I’m thinking about writing a supplemental essay on the intersection between my lgbt+ identity and being asian. But I don’t want to come across sounding like a sob story. How can I avoid this? and should I even write about the topic at all?
I think it’s a great topic that will really let admissions know who you are. I’d focus on how whatever obstacles you may have faced have empowered you and will ultimately help you meet challenges in other aspects of your life. Be sure to give plenty of concrete examples.
You can write this, but be aware that it’s a very common topic. There are plenty of LGBTQ kids in colleges across the country.
I always ask students to consider this question:
Are you an LGBTQ person? Or is there more to you? Are you funny, kind, intelligent, clever, witty, compassionate, helpful, curious, contemplative, quiet, thoughtful, a leader, a thinker, a doer, a friend, an advocate…or something more than a sexual identity? Tell AO’s about that person.
You are putting the cart before the horse.
Your application is your sales pitch for ‘why me at your college’. Each piece of it- your stats, your LoRs, your ECs, your essays- paints a part of the overall picture of you.
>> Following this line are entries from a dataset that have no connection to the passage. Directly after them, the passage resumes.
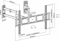 Állítsa be a tévét az ideális szögbe, lehetőséggel a vertikális beállításra -15-től 5 fokig, és a horizontális állításra -45-től 45 fokig.
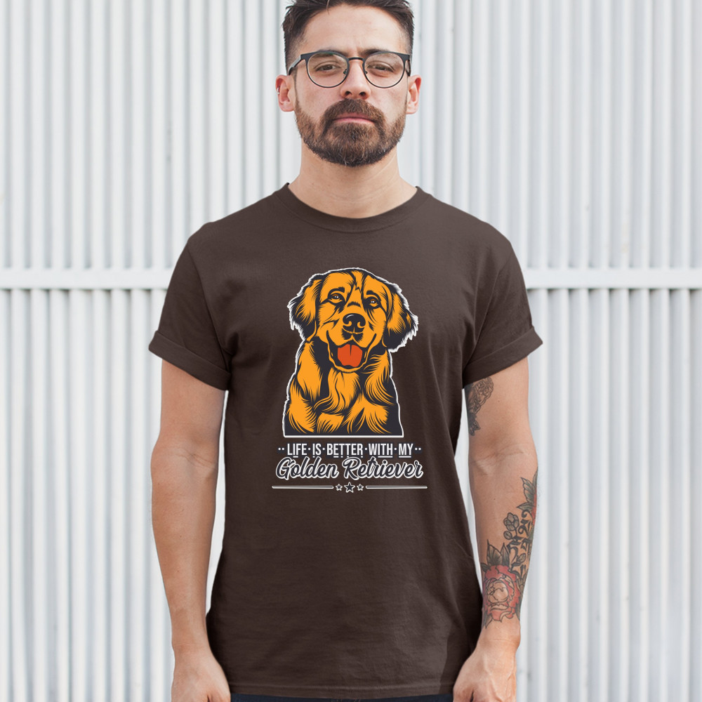 LIFE IS BETTER WITH MY GOLDEN RETRIEVER t-shirt puppy dog owner men's tee brown
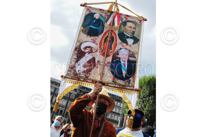 Seguidor de AMLO lleva un estandarte con las figuras de la Virgen de Guadalupe, Benito Juárez, Emiliano Zapata, Miguel Hidalgo y de Andrés Manuel López.
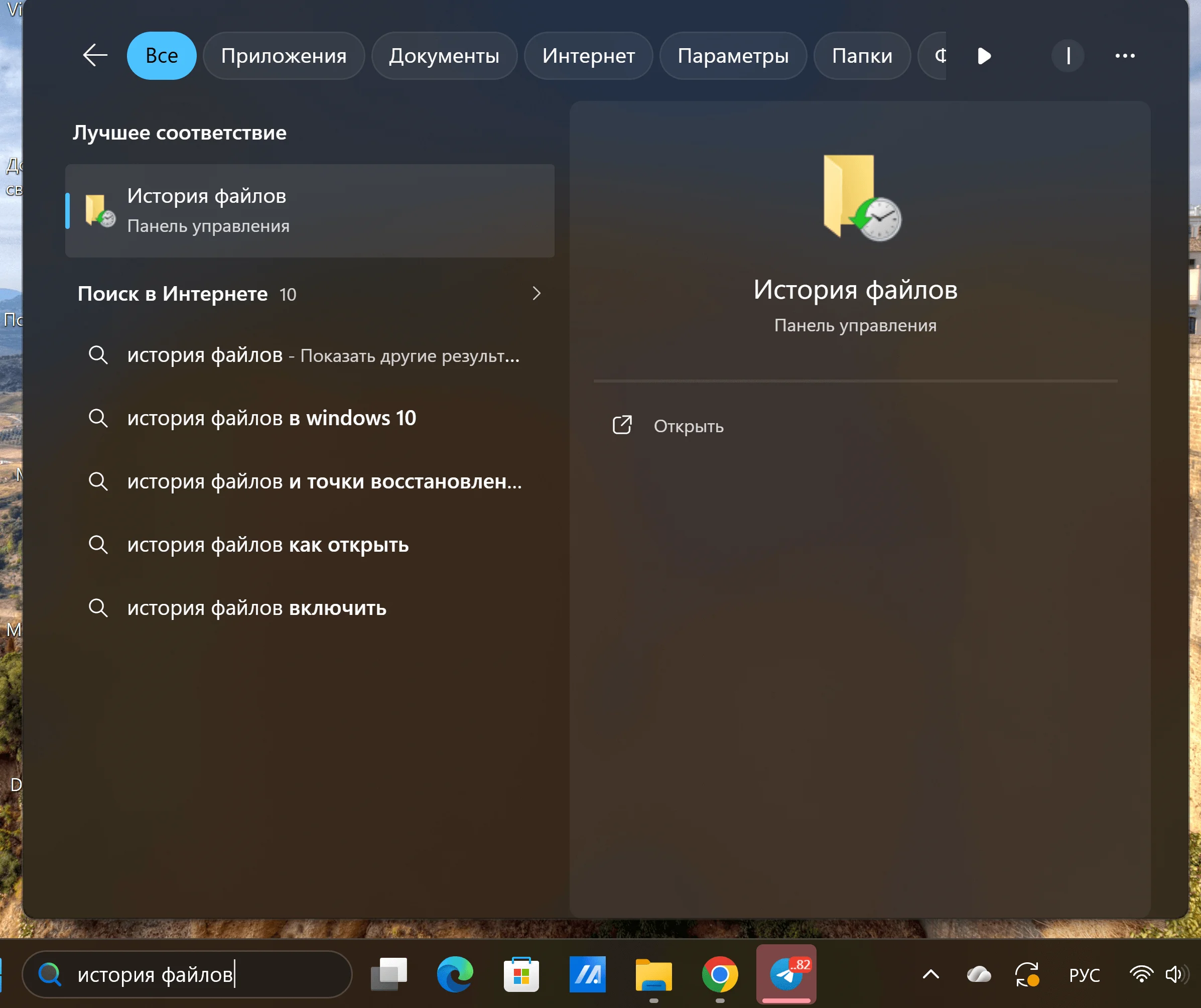 В Windows есть и более сложный инструмент, который создает резервную копию файлов на диске — называется «История файлов». Его можно найти в меню «Пуск».
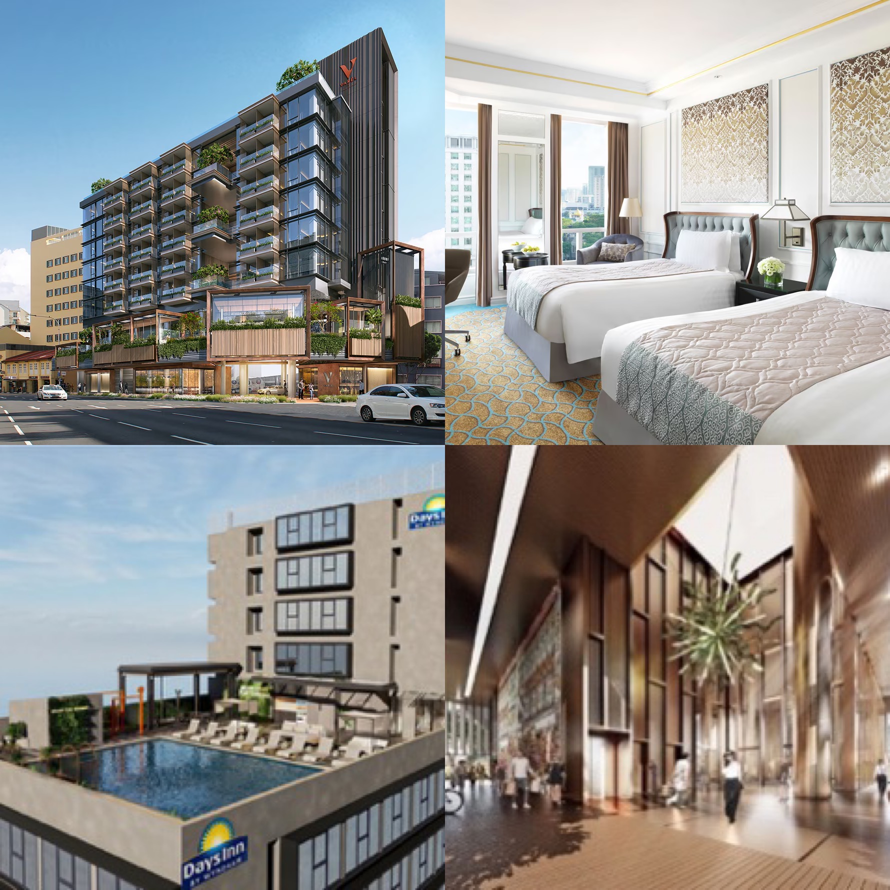 按序:新加坡福莱臻品之选酒店(图片来源:万豪国际集团)、新加坡Frasers House豪华精选酒店(图片来源:万豪国际集团)、Days Inn by Wyndham Singapore in Novena(图片来源:Design Worx Interior Consultant Pte Ltd)、Mvenpick Singapore新加坡瑞享酒店(图片来源:DP Architects)
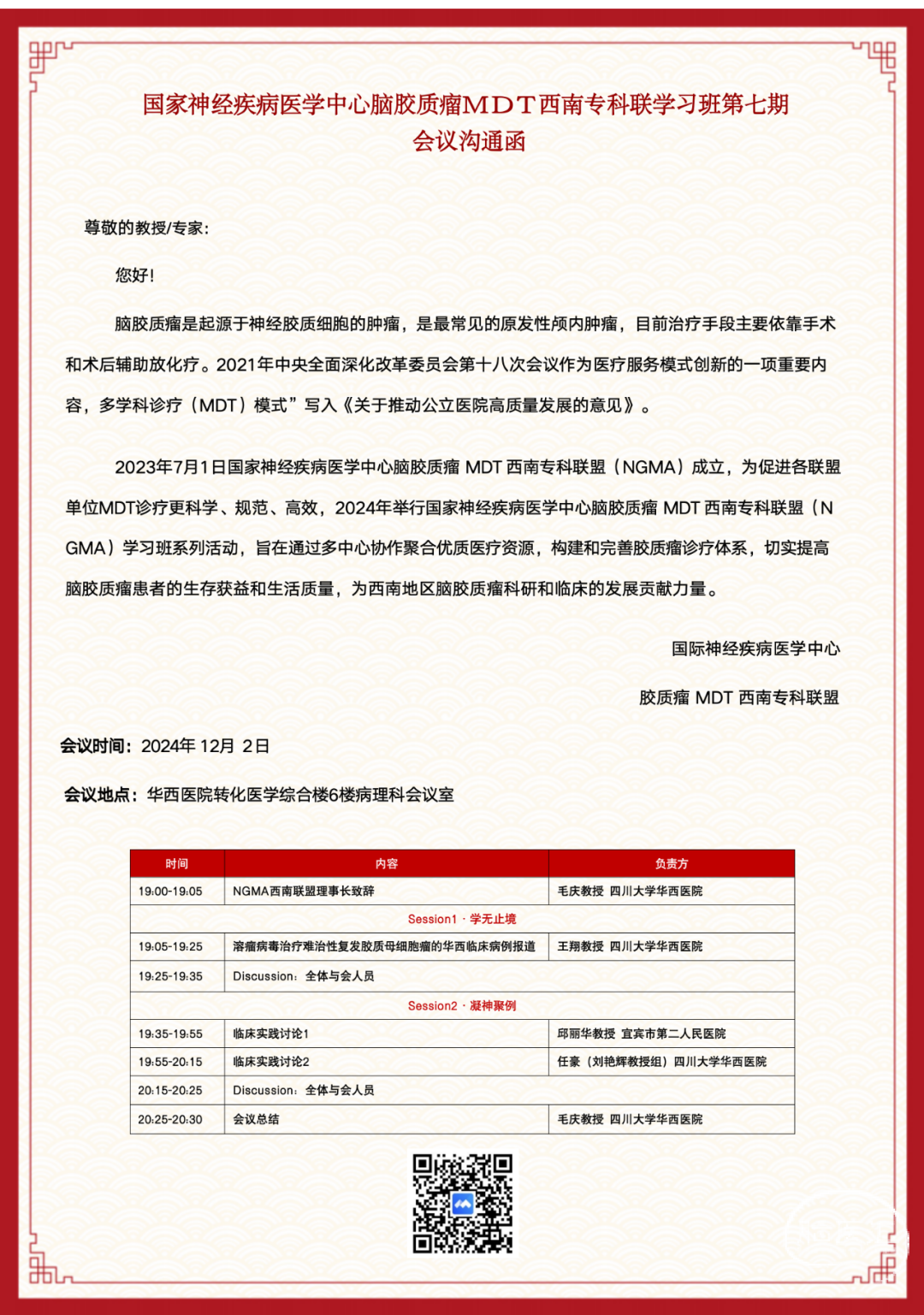 2023年7月1日四川大学华西医院的MDT团队携手西南地区21家医院MDT团队,在国家神经疾病医学中心脑胶质瘤MDT专科联盟(NGMA)支持下,共同组建“西南脑胶质瘤MDT专科联盟”。联盟将致力切实提高西南地区乃至全国患者生活质量与生存获益,引导脑胶质瘤优质集中医疗资源辐射和下沉,赋能区域医学中心、基层医疗机构,切实推动脑胶质瘤及中国神经系统肿瘤疾病医学领域的建设与发展。
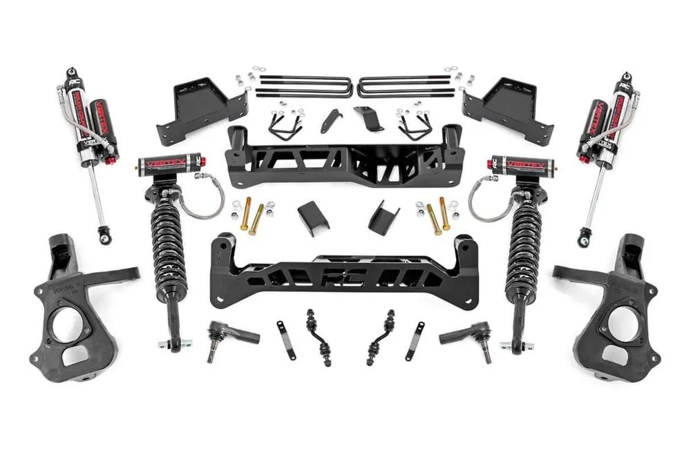 - Front Components Lifted knuckles Front crossmember Rear crossmember Lifted Vertex Reservoir Coil-Overs Sway-bar drop brackets Hardware
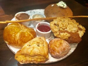 So we were off to a good start. Julia explained the menu to us and it was difficult I must say to choose because so many items caught my eye. The bread basket contained an assortment of baked items which offered a good variety, so we chose that. OMG, without exaggeration, my friend and I ate one bite of the banana nut muffin and our eyes truly bugged out. It was without a doubt the best banana nut muffin we both had ever eaten. Man, I am salivating just a little right now as I recall how scrumptious it was, lol!
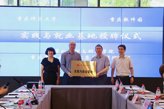 魏延院长介绍了学院的历史沿革、办学理念和发展情况。他谈到,当前,学院正在开展访企拓岗专项工作,充分了解行业的发展状况,调研企业的实际需求,开拓学生的就业渠道,从而优化人才培养方案,提高人才培养质量,促进学生更高质量就业。他希望学院与重庆软件园的这次对接能有效促进校企之间的深度合作。随后,魏延院长代表学院向重庆交运城卡科技有限公司、重庆康洲大数据(集团)有限公司,授予“实践与就业基地”牌匾。
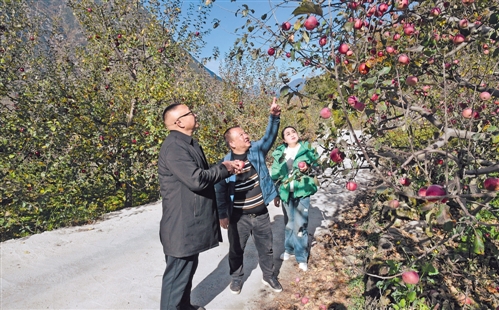 姑咱鎮(zhèn)郵政支局局長王光輝(左)與達杠村黨支部書記李強(中)一起實地了解蘋果生長情況。
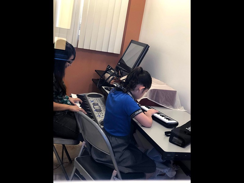 La alumna estudia en su casa, a distancia, con el apoyo de su maestra. No ha dejado de evolucionar no solo en el conocimiento formal, sino en el arte y los deportes, pese a su condición.
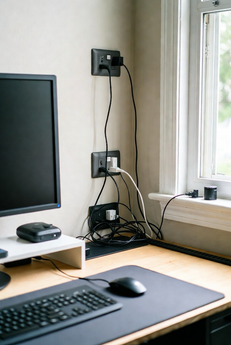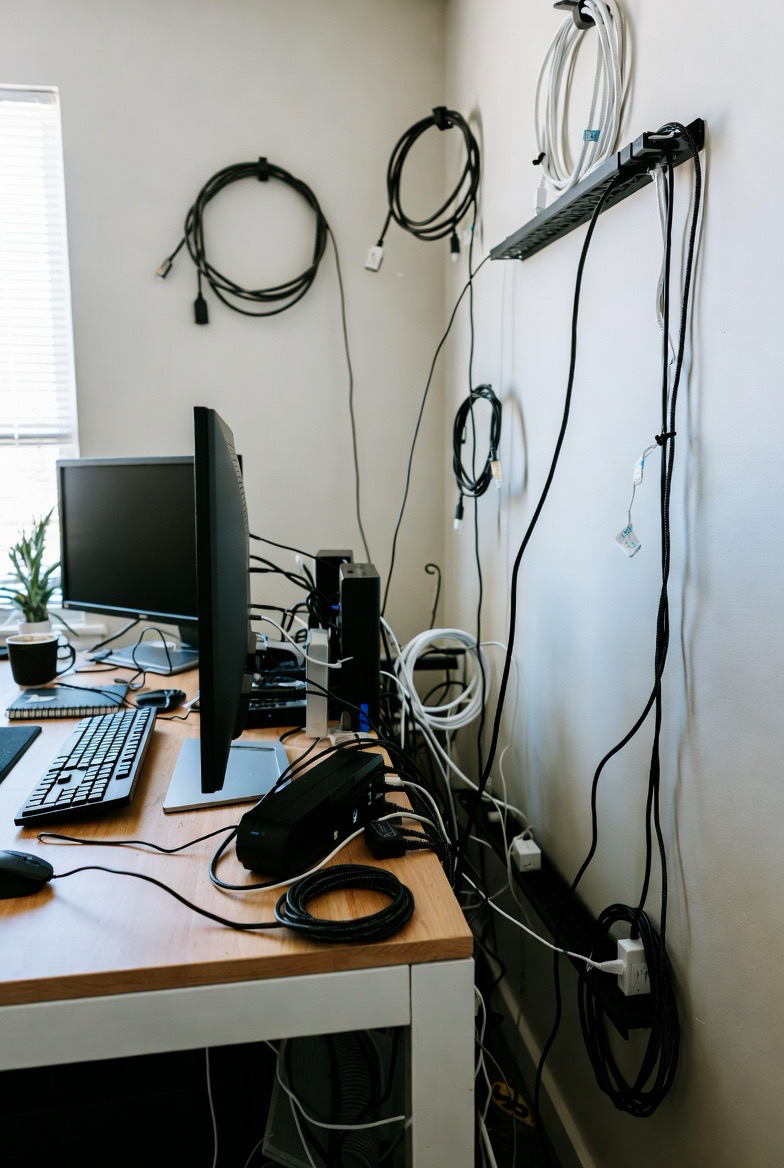 Tangled cords create visual clutter and frustration. Cable trays, clips, and hidden outlets keep wires organized and out of sight. A clean cable setup improves safety and maintains a polished, functional workspace.

Your essays are valuable real estate in your application, because they are where you get to add the ‘color commentary’- either highlighting an aspect of you that is not as obvious from the other parts of the app, linking up the key points in each of the other parts to show the bigger picture, or both.
So, first figure out what you want to show in your essays - what’s missing from the rest of your app? what do you want to highlight? how do all the parts hang together to paint a picture of the person that they would be inviting to join their campus community. Then figure out how to show that through your essay(s).
This is bad advice. The idea that the essay a should demonstrate an applicant’s Ability To Overcome Adversity is one which refuses to die.
The essay is not a competition to see who had the most difficult time, with the “winners” being accepted. The essay isn’t a way to garner sympathy for one’s difficulties, nor is it a place to tell about one’s Triumph Against hardships.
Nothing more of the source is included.